Nous sommes bientôt en février 2019 et notre civilisation tient, bon an mal an, toujours debout. Les prédictions d’Yves Cochet (lire l’épisode 1) menaceraient-elles… de s’effondrer ? Pas si vite. Nos « mauvaises nouvelles planétaires » quotidiennes dessinent tout de même un panorama peu réjouissant, entre bestioles qui disparaissent (lire l’épisode 9), fuite en avant pétrolière et inconséquence politique (lire l’épisode 14). Et encore, on vous a épargné les chauve-souris décimées, les glaciers qui reculent en Asie et dans le monde, les poissons d’eau douce retrouvés morts, les records d’éclairs et même le destin de George l’escargot. Pas d’erreur, c’est l’horreur.
Face à ce spectacle, les hommes politiques ne devraient-ils pas adapter leurs réponses en conséquence ? C’est ce que défend Corinne Morel Darleux, conseillère régionale Parti de Gauche en Auvergne-Rhône-Alpes. Celle qui a porté le positionnement « écosocialiste » du Parti de Gauche dès sa fondation en 2008 – et été secrétaire nationale chargée de l’écologie – a finalement quitté La France insoumise en novembre dernier. Aujourd’hui, elle s’intéresse à des mouvements écologiques plus radicaux et participe à de nombreux événements publics autour de l’effondrement. Son objectif : réinjecter du politique, de l’action collective, dans des auditoires parfois d’abord mus par des ressentis individuels.

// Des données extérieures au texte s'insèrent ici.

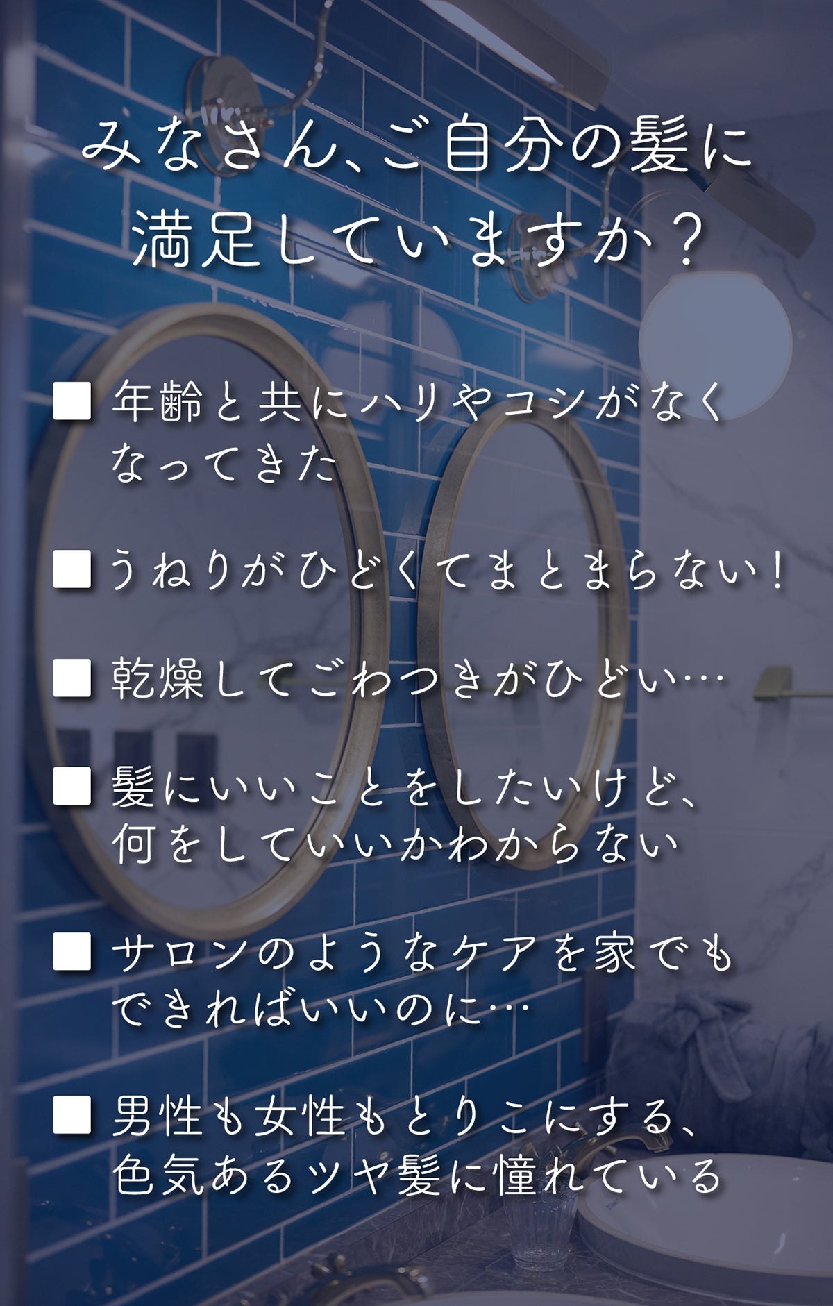 髪のツヤや⾹りは、あなたの印象を決めるのにとても⼤切な部分。

Pour cela, elle dispose d’un vecteur puissant : la fiction, qu’elle soit littéraire ou cinématographique.
Comment, en tant que femme politique, êtes-vous arrivée à la notion d’effondrement ?

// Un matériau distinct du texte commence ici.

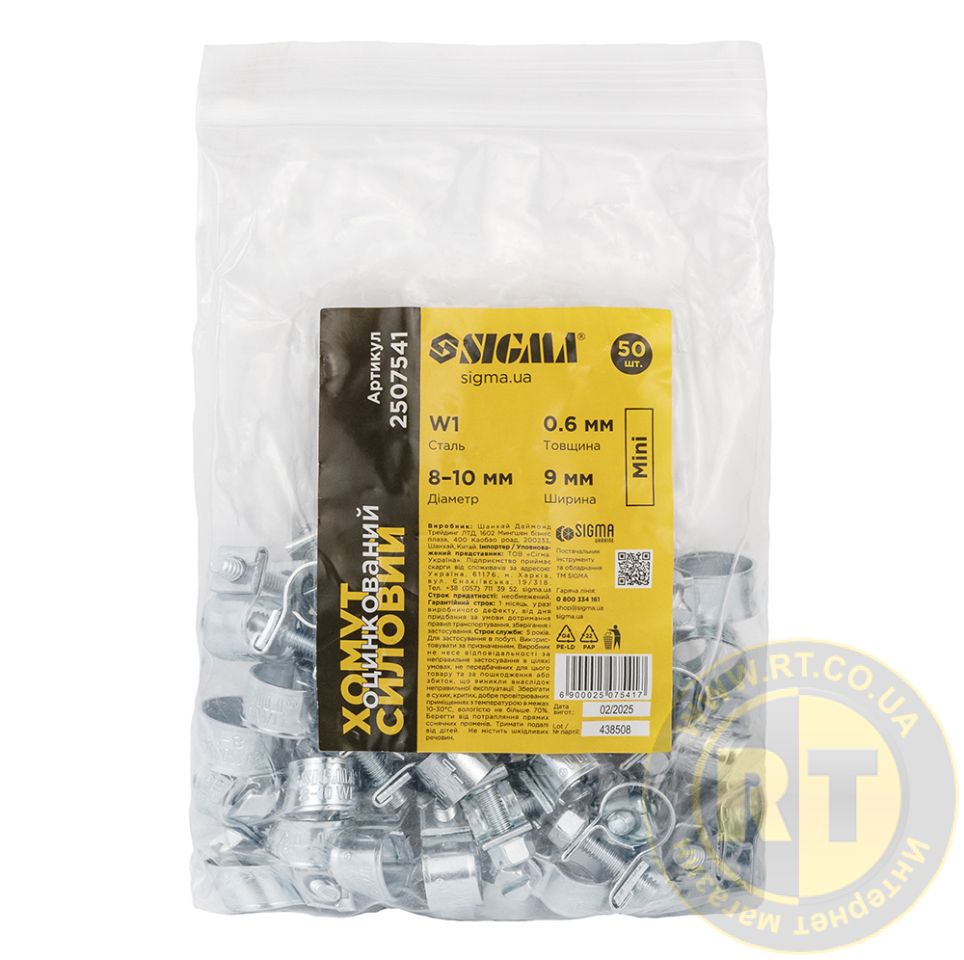 Хомут силовой оцинкованный Mini 9мм Ø8-10мм 50шт SIGMA 2507541

Depuis dix ans, je suis les négociations climat, les rapports scientifiques sur le sujet, l’actualité liée à la biodiversité et l’action politique qui en découle – ou plutôt qui n’en découle pas. J’ai l’impression d’avoir assisté à la dégradation de la situation d’un point de vue géophysique et à une succession de gouvernements (Sarkozy, Hollande, Macron) qui ne prennent aucune des mesures qui devraient s’imposer. Du coup, il y a un an et demi, j’ai commencé à discuter avec des philosophes, des historiens, des anthropologues, des scientifiques, qui dessinaient les contours de quelque chose de transdisciplinaire autour de l’effondrement. J’ai rencontré Christophe Bonneuil qui s’occupe de la collection Anthropocène au Seuil et pas mal de ses auteurs, notamment Pablo Servigne.
Il faut mettre en place des stratégies pour préserver ce qui doit l’être dans la civilisation telle qu’on la connaît… mais il faut aussi se préparer à ce que ça ne suffise pas. Et donc imaginer des stratégies d’adaptation beaucoup plus radicales.
Ça a été un bouleversement ?
Non, cette notion d’effondrement n’a pas révolutionné grand-chose dans ma manière d’aborder les choses.